Frugality is unique. How many 26 year old Hondas do you see in a day? How many look-alike SUVs? You just can't have this kind of fun with some ho-hum car that's expensive to pay for, insure, pay tag taxes on and fuel. Being frugal, we've other plans for the money we save and we're making dreams come true.

Our ranch is one such dream. Not fancy, we live where the deer and the antelope work. Our home is the best part. Passive solar and earth bermed on the north side, I designed and built it all myself over 2 years. (If you want some quiet time alone, tell your friends you're shingling a roof. Ahh, the solitude!) Energy bills are trivial year round and it's the most comfortable home I know of. Years ago the country neighbors gave me funny looks. Now they take notes. Frugal and unpretentious, the house is our ally, not an enemy with a suction hose in our purse for payments and utility bills.

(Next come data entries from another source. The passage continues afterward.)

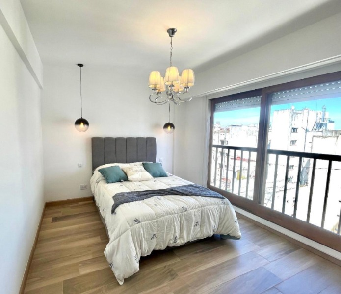 Al ingresar, te recibe un luminoso living comedor, con gran ventanal y balcón francés que ofrecen una vista abierta a la ciudad. La cocina está separada, cuenta con ventilación natural y mobiliario realizado a medida, pensada para aprovechar cada espacio.
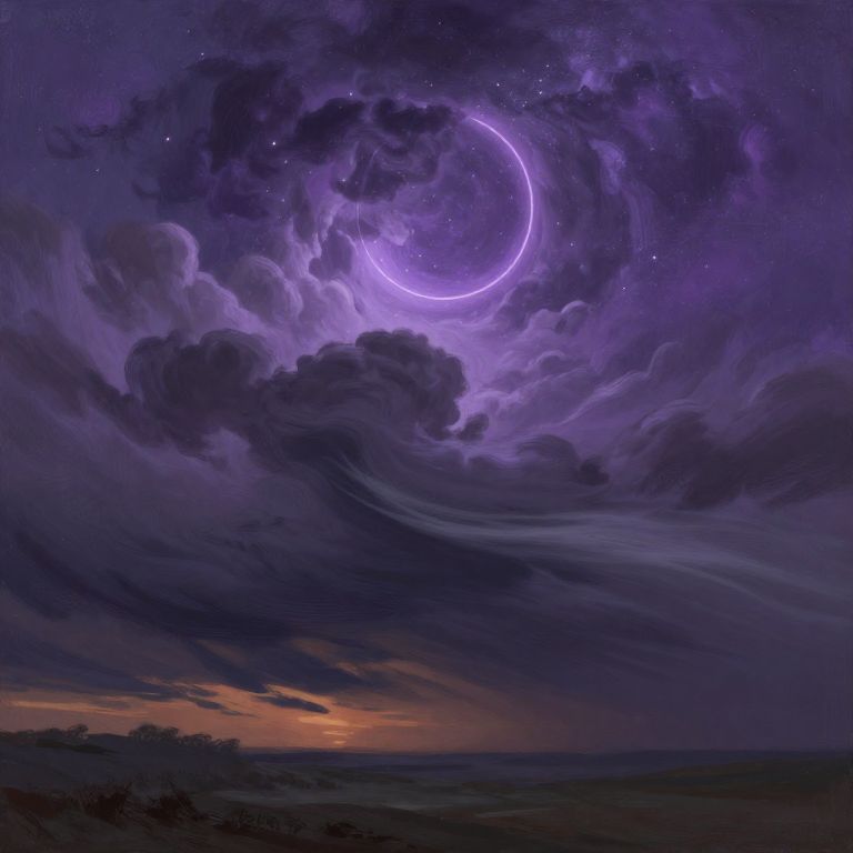 An ethereal oil painting illustration depicting a dramatic storm brewing under a glowing crescent shape in a purple, starry sky. Dark, swirling clouds form a circular pattern above a desolate landscape at sunset, enhanced by textured brushstrokes and moody lighting, creating a mysterious and intense atmosphere.
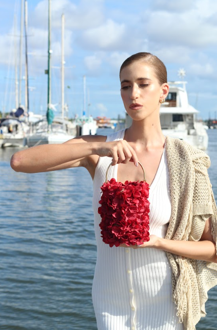 EM COURO. ADORNADA COM FLORES DE TECIDO E MINI CRISTAIS TCHECOS
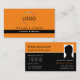 YOUR FAVORITE -Make a lasting impression with this elegant and simple orange, black and white coloured business card design with logo and (employees-) photo.
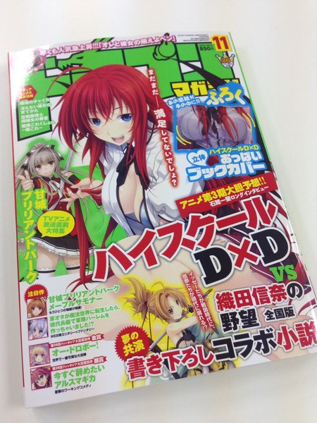 A Dragon Magazine que publica Ichiei Ishibumi e High School DxD de Miyama-Zero incluíram uma pequena surpresa especial na edição de novembro da revista-a capa do livro de mama da High School DxD 3D, com os seios fartos de Rias Gremory.
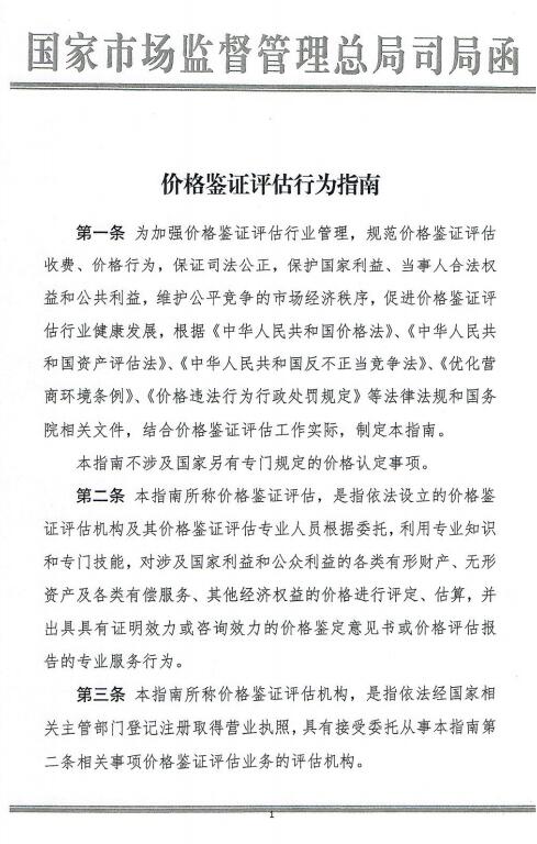 导读:为加强价格鉴证评估、资产评估行业管理,规范评估机构价格鉴证评估\评估公司收费、价格行为,保证司法公正,保护国家利益、当事人合法权益和公共利益,维护公平竞争的市场经济秩序,促进资产评估机构,工程审价,价格鉴证评估行业健康发展,根据《中华人民共和国价格法》、《中华人民共和国资产评估法》、《中华人民共和国反不正当竟争法》、《优化营商环境条例》、《价格违法行为行政处罚规定》等法律法规和国务院相关文件,结合房地产评估公司,土地评估公司价格鉴证评估工作实际,制定本指南。第二条本指南所称价格鉴证评估,是指依法设立的价格鉴证评估机构及其价格鉴证评估专业人员根据委托,利用专业知识和专门技能,对涉及国家利益和公众利益的各类有形财产、无形资产及各类有偿服务、其他经济权益的价格进行评定、估算,并出具具有证明效力或咨询效力的价格鉴定意见书或价格评估报告的评估事务所专业服务行为。    |
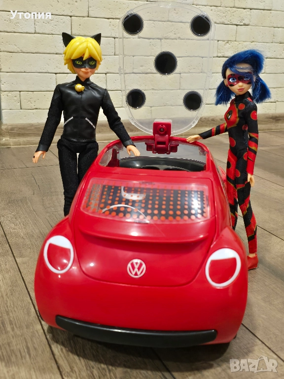 Комплект Калинка, Черния котарак и колата на Калинка Колата е с отварящи се врати и багажник, две седалки. В отлично състояние. Куклите също са оригинални, в отлично състояние. Цена на комплекта: 90 лв/46€
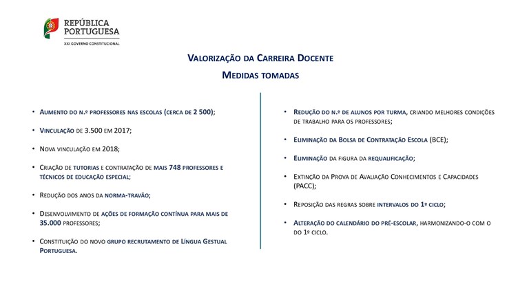 Slide “Valorização da carreira docente – Medidas tomadas”
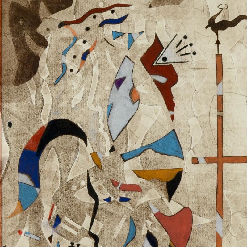 A true master of Modernism, Neal Doty uses captivating shapes and contrasting colors to create his masterpieces. "Search For Truth" is a mixed media original on paper, hand signed by Doty! This piece comes custom framed using acid free materials and is ready to hang. Measures approx. 23" x 28.5" (with frame); 14.5" x 19.5" (image).
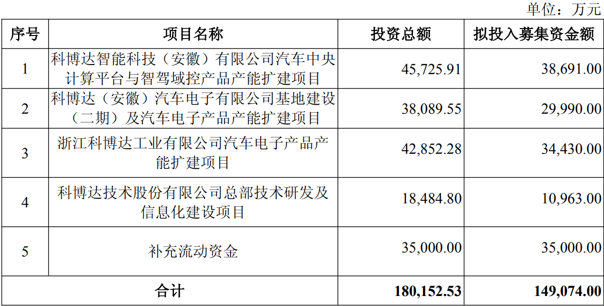 10月23日,科博达技术股份有限公司(证券代码:603786,证券简称:科博达)发布向不特定对象发行可转换公司债券预案,计划募集资金总额不超过149,074万元,用于产能扩建、技术研发及补充流动资金等多个项目,助力公司在汽车电子领域的持续发展。
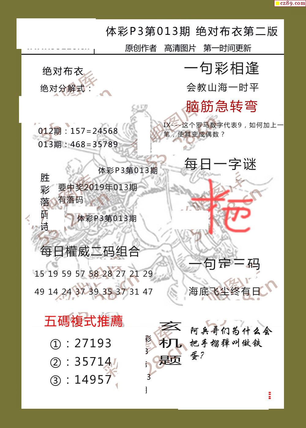 牛彩P3布衣26年013期AB版图谜(精华版)
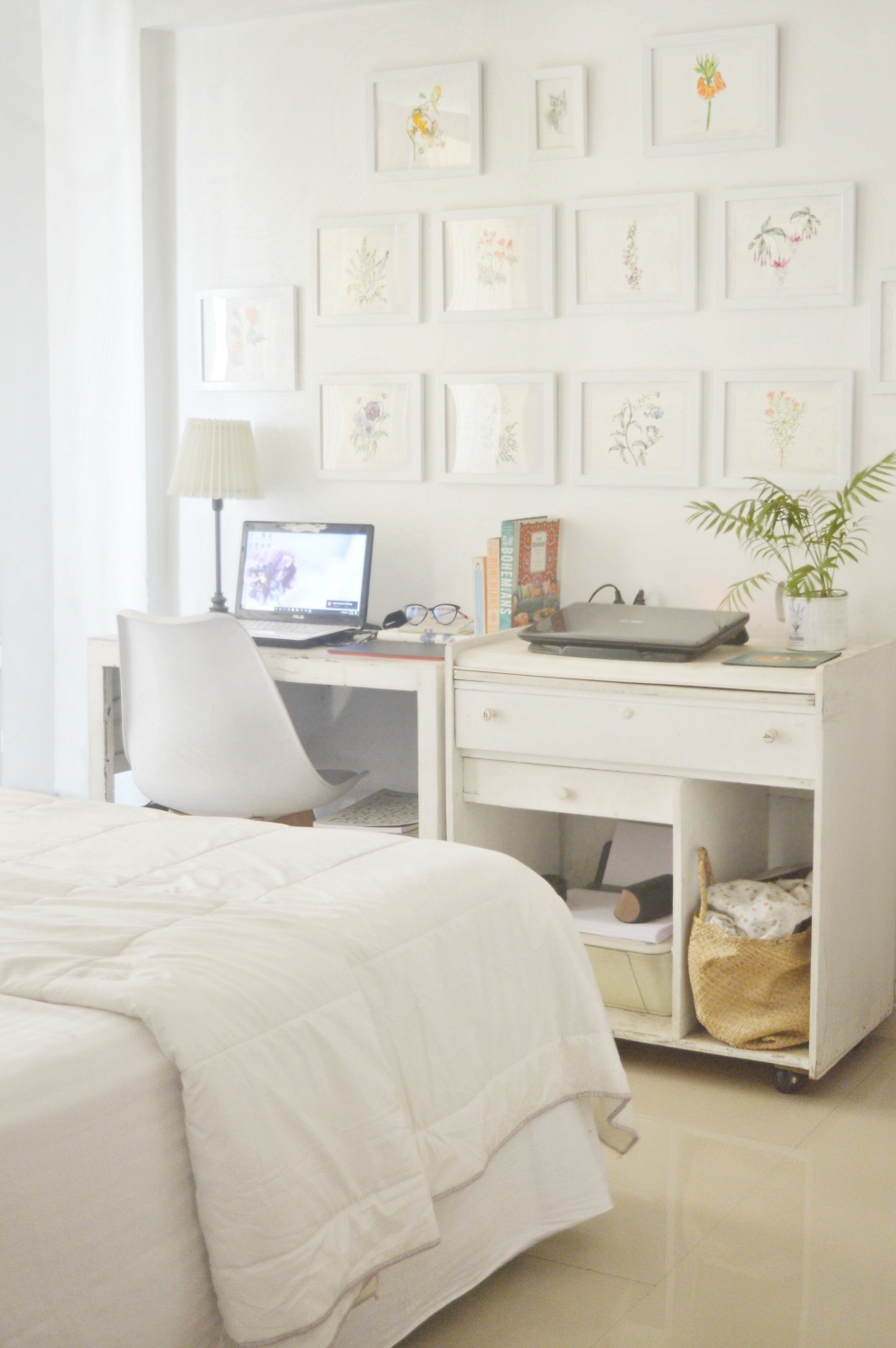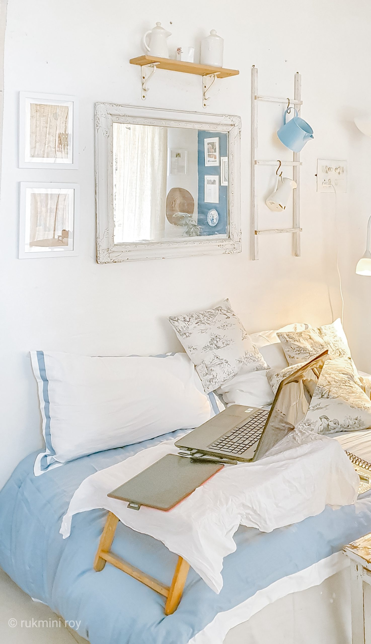 The bedroom wall home office: Have a wall? Then you have a workstation right there. Get a desk, double your dining room chair as your study chair and you are good to go. The ideal height for a table is 32″ and anything of that sort fits. Also, note the table on the left and one of the right. The laptop table here has no leg room while the other one does which makes two things easier.

We've visited $300,000 plus trophy homes. You know, the ones with walls that move in the wind. They tend toward over-glazing. Think of the energy loss caused by two storey windows. What's the point? I guess a two story ceiling allows three vultures - big energy bills, big taxes and forclosure to circle in comfort. Does anyone else think these huge drafty barns are ridiculous? I suppose I could buy XXXL clothes if I wanted to, but I'd look pretty silly. I buy what fits. That's the point of being frugal. Don't suffer, buy what fits you and buy carefully. Plan and save for your future. Buying to impress the neighbors or strangers on the highway is a path fraught with needless stress. A path that augurs bankruptcy or divorce.

To be frugal, be true to yourself. Fashion, after all, is merely a race to conform to others. Living simply allows you the greatest luxury; Time. Time without worry, to laugh and be a family. Time to enjoy this great state that we live in. Time to do a little of what you love instead of only the things you must. Time to live.